I’ll stop now with the “backgrounder” of transitioning to this next stage of my travels. My next updates will be more “destination-based”… but this first day in London was spent mostly getting myself ready, and that was the necessary travel preparations.
Officially settled in, and after a short nap, I simply wandered around without a plan along Kensington High Street not far from my hostel. High Street is British for “Main Street,” and Kensington was definitely a very nice, wealthy part of London. I stopped for a burger and chips (didn’t feel like fish), and experienced my first real challenge with someone not having a clue what I was saying. Yes, in England!! See, many store workers I found were British immigrants who had learned English according to the British accent. Here I was speaking English, but with a completely different sound. It was very difficult to communicate. And, believe it or not, I found the true “English Accent” very difficult to understand… it’s quite different from what I term “BBC English” which is smooth and easy to comprehend. Despite the communication barrier, I still found Londoners to be extremely courteous.
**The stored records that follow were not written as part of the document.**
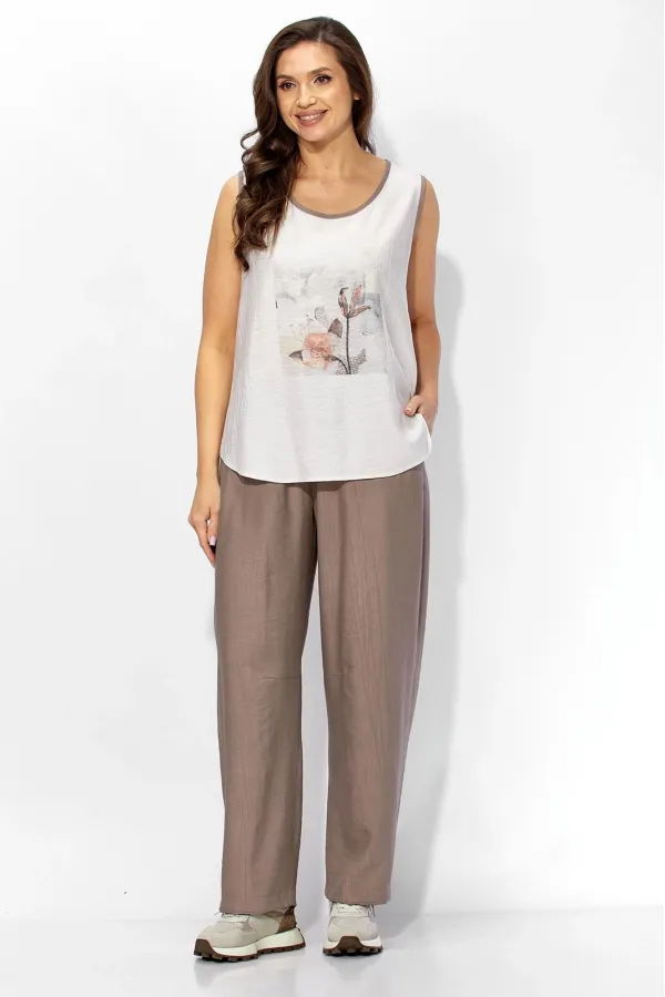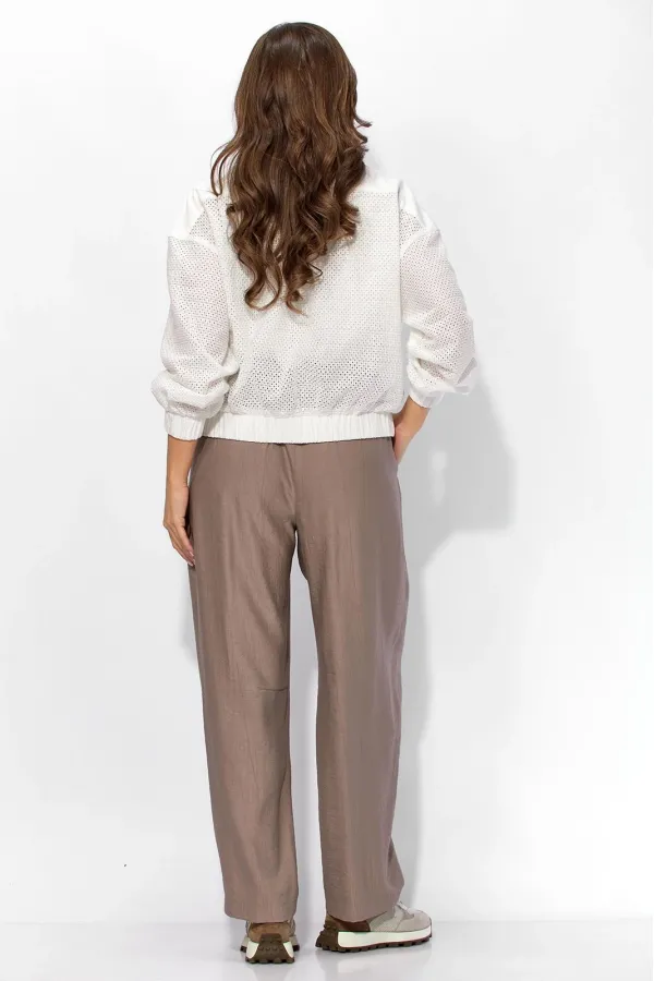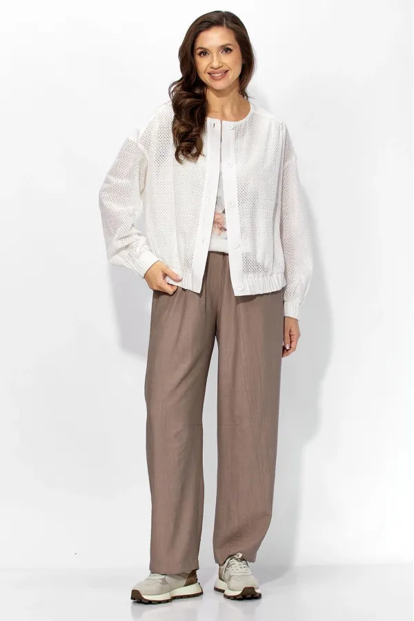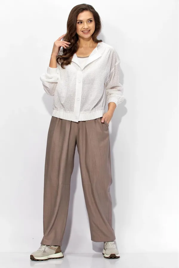 Комплект женский, 3х предметный, состоящий из бомбера , топа и брюк. Бомбер выполнен из ткани шитье с отделкой, прямого силуэта с длинным рукавом. Рукав со спущенной линией плеча. По низу рукава и бомбера, притачные манжеты с резинкой. Вырез горловины круглой формы . Застежка центральная, с отрезной планкой, на петли и пуговицы. Кокетка цельная, на перед и спинку. По центру спинки небольшая сборка. Брюки баррель объемные. По переду карманы. По шаговому шву вытачки, создающие объем в районе колена. Брюки без застежки, с имитацией гульфика Пояс притачной с резинкой по кругу и кулисой. Топ без рукавов. Горловина круглая, углубленная. Проймы и горловина окантованы бейкой в цвет брюк. Низ топа фигурной формы. Перед задекорирован принтом. Топ и брюки изготовлены из крешованной, вискозной ткани.
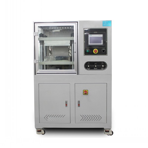 高溫型真空平闆硫化儀由液壓缸、液壓站、真空密閉室、上下高溫壓闆和PLC控制系統組成。可通過真空泵抽真空室,對聚合物在專用模具内進行高溫450°加熱加壓成型,可設定壓力、溫度(最高450°)、時間和排氣次數及秒數、人機界面操作系統、硫化過程動态實時顯示和監視,擠壓程序自動完成,結構簡單,具有壓力大、适用性廣、效率高等特點。
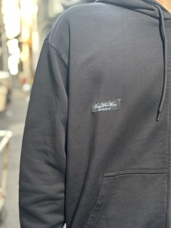 また、左袖のポケット部分のさりげない、ロゴディテールのバランス、ヴィンテージ風のファスナーがよりオシャレ感を上げており、これ以上ない逸品と言えます。
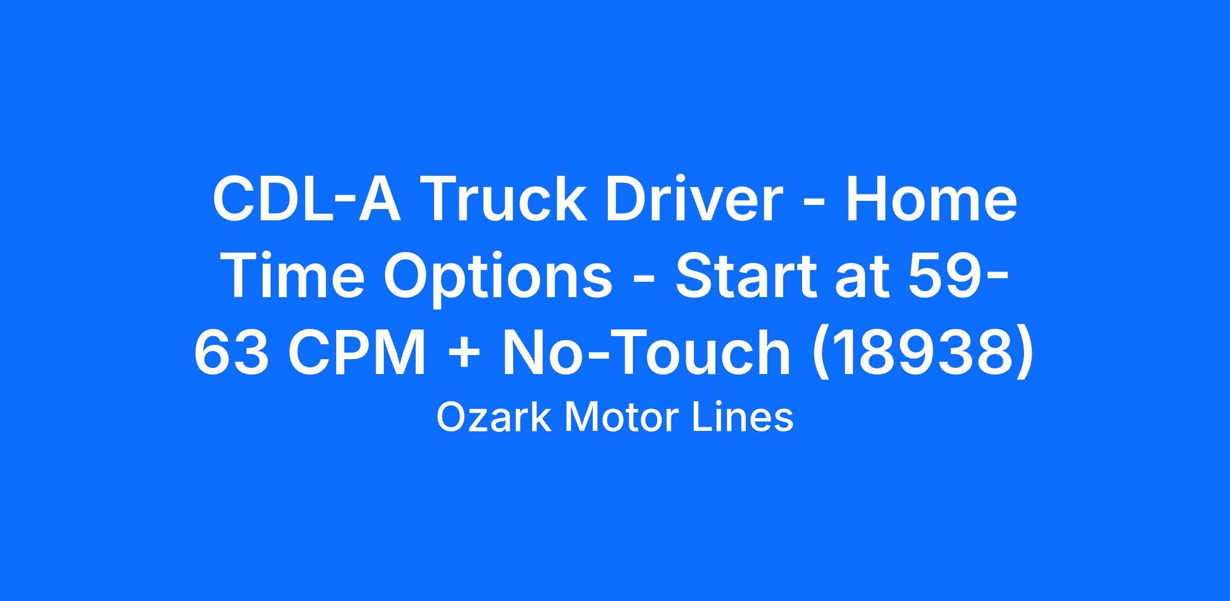 CDL-A Truck Driver - Home Time Options - Start at 59-63 CPM + No-Touch (18938)
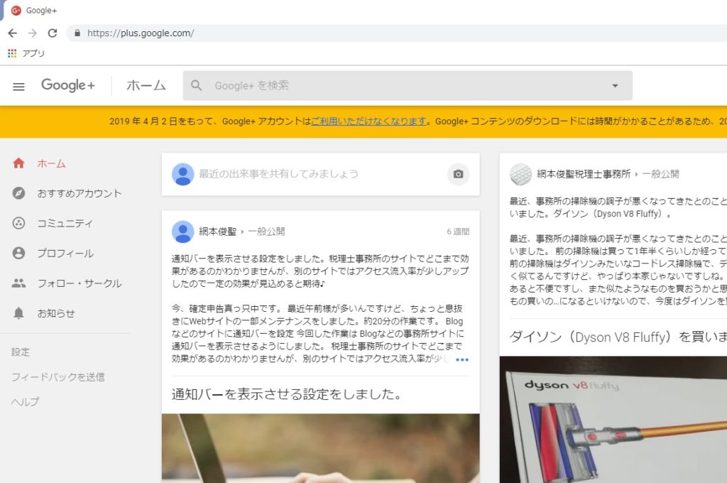 ヤフージオシティーズに続いて、Google+もサービス終了です。

The joy of wandering without a real plan is surprising yourself with what you find. Down Kensington High Street I noticed a rather official-looking side street blocked off by police guard. I also noticed lots of people walking through the police guard, so I joined them. I had stumbled upon Kensington Palace and the very beautiful grounds of Kensington Gardens (and neighboring Hyde Park). What a great find. Walking around the grounds and trekking through the park gave me an important conclusion: late Spring is quite simply the very best time to visit Europe! The park helped me relax and regain my energy.
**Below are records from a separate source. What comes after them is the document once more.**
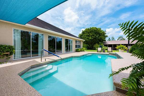 Under contract-accepting backup offers. Seller may consider buyer concessions if made in an offer ***Looking for that rare blend of peace, privacy and an ideal floor plan with plenty of versatile space? WELCOME HOME! This laid-back slice of East Orlando paradise in the heart of Wedgefield delivers 4-bedrooms, 2-full and 1-half baths and is a tranquil retreat where quiet luxury meets idyllic Florida living. Sitting pretty on 2.6 PRIVATE ACRES, this UPDATED single story POOL HOME has all the space you want, all the upgrades you need, and all the charm that makes Wedgefield such a special place to live. Let's start with the big ticket items: NEW A/C2 2025, A BRAND NEW POOL DECK (2025) that's non-skid, heat resistant, and comes with a lifetime warranty! NEW SLIDING GLASS DOORS and four new windows (2025) let the sunshine in while keeping things cool and efficient. You have FRESH EXTERIOR PAINT (2025), SUNSHADES (2022), and the septic was serviced within the last three. This is a home that has been well maintained - and it shows! Inside, you will find a smart 3-WAY SPLIT FLOOR PLAN with high ceilings, crown molding, and just the right layout for both everyday living and entertaining. The generous PRIMARY SUITE becomes your escape from the day with a decorative tray ceiling, a CUSTOM WALK-IN CLOSET, well appointed en-suite bath and private access to the massive Florida Room - which is basically your indoor/outdoor hangout zone, thanks to a wall of sliding glass doors that open up to the pool! The kitchen is at the heart of it all with a huge ISLAND for gathering, casual bar seating, a brick style backsplash, stylized range hood, BUILT-IN/STAINLESS STEEL APPLIANCES, and beautiful lighting. The kitchen flows effortlessly into the formal dining room and is open to a light-filled breakfast nook, so no matter where you land, it just feels like home! Step outside and it gets even better - the open air pool is surrounded by tons of patio space, a COVERED OUTDOOR KITCHEN with BAR SEATING, and plenty of room for lounging, playing or just soaking up the sun. Want more space for your hobbies, toys, or weekend projects? There is an OVERSIZED 3-CAR GARAGE plus a 20x35 DETACHED WORKSHOP (with power!) tucked away behind the home. And yes - your acreage is ZONED A-2, bring your horses or other animals! This is the kind of understated luxury that makes daily life feel effortless. A place where you can spread out, breathe deep, and truly settle in. Your private tour is just a phone call away - so go ahead, fall in love!
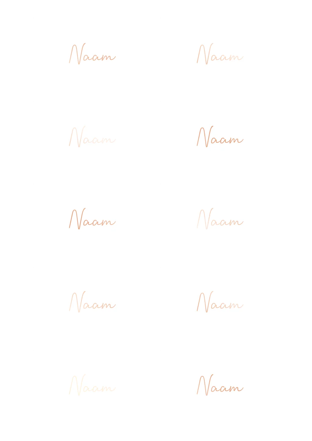 Naamkaartjes met sierlijke letters in rosefolie, aan te passen naar de stijl van jullie trouwkaart. Formaat: 8x5 cm (visitekaartje), enkelzijdig bedrukt.
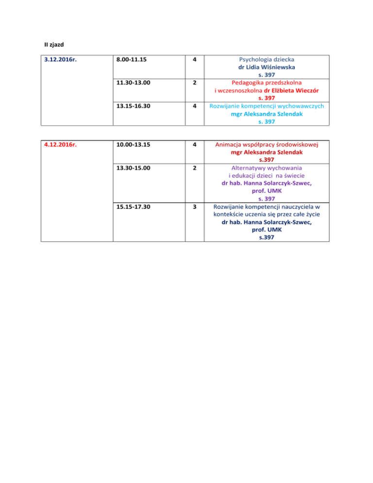 II zjazd 3.12.2016r. 4.12.2016r. 8.00-11.15 4 11.30-13.00 2 13.15-16.30 4 10.00-13.15 4 13.30-15.00 2 15.15-17.30 3 Psychologia dziecka dr Lidia Wiśniewska s. 397 Pedagogika przedszkolna i wczesnoszkolna dr Elżbieta Wieczór s. 397 Rozwijanie kompetencji wychowawczych mgr Aleksandra Szlendak s. 397 Animacja współpracy środowiskowej mgr Aleksandra Szlendak s.397 Alternatywy wychowania i edukacji dzieci na świecie dr hab. Hanna Solarczyk-Szwec, prof. UMK s. 397 Rozwijanie kompetencji nauczyciela w kontekście uczenia się przez całe życie dr hab. Hanna Solarczyk-Szwec, prof. UMK s.397
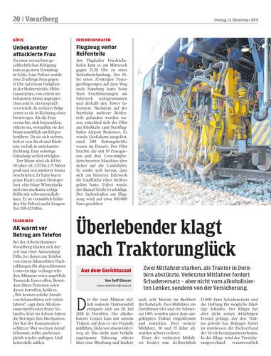 Zwei Mitfahrer starben, als Traktor in Dornbirn abstürzte. Verletzter Mitfahrer fordert Schadenersatz – aber nicht vom alkoholisierten Lenker, sondern von der Versicherung.
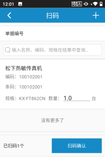 在掃碼界面,點(diǎn)擊Idata設(shè)備掃描按鈕,掃描商品條形碼添加商品明細(xì),可以查看商品名稱和商品數(shù)量,核對(duì)無誤后點(diǎn)擊掃碼確認(rèn),如下圖所示:
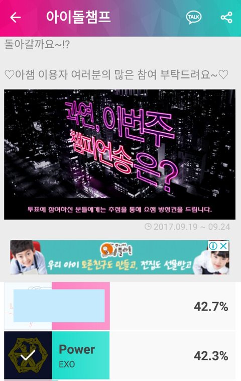 아이돌챔프 앱 다운받아서 밑에 진행중인 투표에 챔피언송에서 투표하면되!
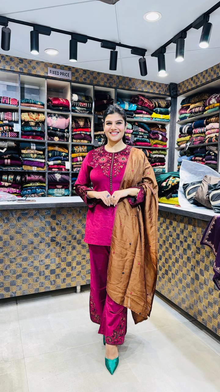 Rumeira is a refined Premium Cotrize 3-Piece suit crafted for rich festive elegance. The shirt comes in a deep berry-magenta tone, elevated with intricate floral embroidery across the neckline, sleeves, and hem β detailed enough to look luxurious without being loud.

I took a double decker bus back the hostel to get ready for my evening play. The busses have all been modernized from the old, pollution-spewing legends. Many of the telephone boxes (though still red) had also been modernized.
From the hostel, across the underground line (great subway system!) to Piccadilly Circus and into London’s West End. I was very excited to see my evening play!
I scored heavily-discounted tickets to Les Miserables online about two months before leaving the ship! I had never seen the musical before, and the performers on board had several songs from it in one of their performances – so I was really stoked. Especially to sit in the third row! I was so close that Valjean actually nodded appreciation to me when I stood up to give a standing ovation. Best. Musical. Ever.
I promptly returned to bed – completely tired out, but excited for another day in London.